Ma l’odore di letame di cui si compiace gli impedisce di avvertire altri aromi, che pure esistono e
che il vento della vita gli porta dal mare o dai boschi. Quando Carlyle descrive il negro bramoso
solo di mangiare zucche, coglie il generale abbrutimento cui la schiavitù, come ogni altra
oppressione e violenza, induce spesso le proprie vittime. Ma Carlyle non riesce a capire che la vita è
in movimento e in divenire, che le cose possono cambiare e cambiano; non potrebbe mai
immaginare che un secolo più tardi quelle isole caraibiche avrebbero avuto scrittori non meno
grandi di lui — come Walcott o Glissant e — ciò che conta ancora di più— una borghesia nera
francese intraprendente e civile, ad esempio nella Martinica o nella Guadalupa e più in generale in
Francia. Siamo tutti conservatori, riluttanti a credere che le cose possano cambiare e inclini a vivere
il presente come se fosse l’eterno; se nell’ottobre del 1989 qualcuno ci avesse detto che il muro di
Berlino sarebbe presto caduto, lo avremmo preso per un ingenuo sognatore. Carlyle si appella,
contro le utopie umanitarie, alla storia, alle tradizioni, agli usi e costumi secolari, ma vede soltanto
la storia passata e non comprende che essa è vita ossia divenire, che egli non vuol vedere perché
ama, scrive, la permanenza. Mill ragiona più storicamente e più poeticamente di lui, quando gli fa
osservare che, se un albero cresce storto, ciò può derivare dall’aridità del terreno in cui è cresciuto e
che, irrigando quel terreno, si possono far crescere alberi diritti. Il reazionario o meglio anarchicoreazionario si dà sempre il tono di colui che la sa più lunga, che non si lascia incantare dai vuoti e
nobili ideali, che non la beve, come gli «apoti» celebrati da Prezzolini. Il suo disincanto è spesso
lucido, ma scade facilmente nella posa banale dello scettico blu e può finire per essere di una
patetica e credulona ingenuità. Ogni eguaglianza inorridisce Carlyle, che aborre ad esempio la
parificazione delle tasse sullo zucchero.
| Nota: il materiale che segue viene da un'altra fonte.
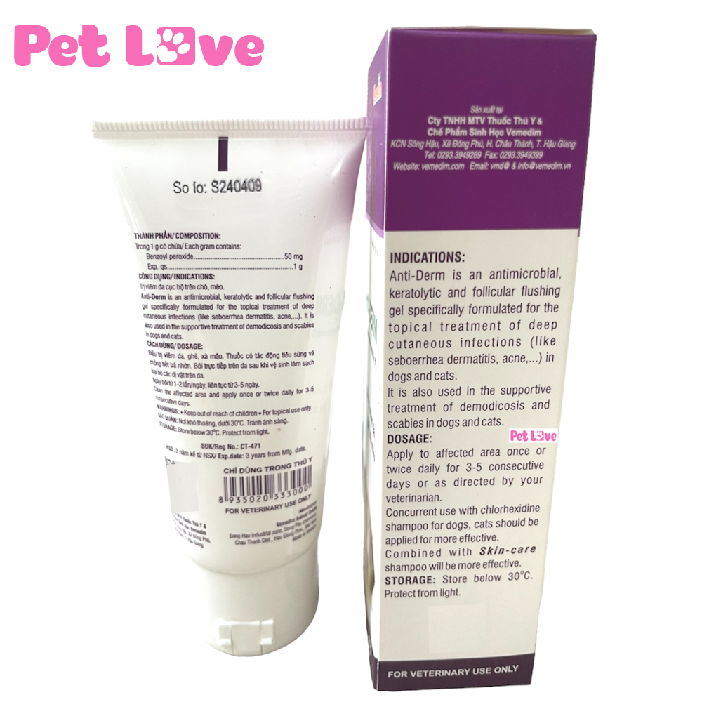 - Sản phẩm của công ty Vemedim. THÀNH PHẦN: Trong 1g có chứa: Benzoyl peroxide 5mg Tá dược vừa đủ 1g HƯỚNG DẪN SỬ DỤNG: Bôi trực tiếp lên da thú cưng sau khi đã vệ sinh và loại bỏ các dị vật trên da. Mỗi ngày bôi từ 1-2 lần, liên tục trong 3-5 ngày. Có thể kết hợp với sữa tắm Skin Care để đẩy nhanh quá trình hồi phục. BẢO QUẢN: Nơi khô thoáng, dưới 30 độ C. Tránh ánh sáng. Bộ sản phẩm bao gồm: 1 tuýp (40g)

Il vangelo supremo, il dovere per eccellenza, diviene per lui il lavoro, un lavoro faustiano, cupo,
sferzante, che corrisponde alla legge della sofferenza che regola il mondo e forse aiuta a stordire
quella sofferenza; molti anni dopo, in una stupenda poesia, Kipling esalterà la fatica fisica quale
droga che attutisce la pena di vivere. Mill non sottovaluta certo il lavoro, senza il quale non
potrebbe esistere quel libero mercato a lui caro, ma afferma che esistono valori più alti e che non è
il lavoro in sé, quanto la sua finalità a dare un senso alla vita. Contro ogni mitica differenza
originaria, Mill esalta l’eguaglianza di dignità, diritti e — ove possibile — condizione di partenza
degli uomini, che permette loro di sviluppare liberamente le loro diversità. Con forte pathos poetico,
Carlyle ricorda i grandi marinai inglesi che riposano nel mare della Giamaica, come il coraggioso
colonnello Fortescue o il valoroso colonnello Sedgwick. Ma Mill è ancor più poeta di lui, quando
gli ricorda gli innumerevoli africani senza nome che riposano anch’essi sul fondo di quel mare; è
più poeta, perché sa immaginare concretamente uomini che non ha mai visto e di cui ignora il
nome, li sente reali, veri. Chi ama o almeno rispetta gli uomini può essere altrettanto— o forse
talora ancor più — realista di chi li disprezza.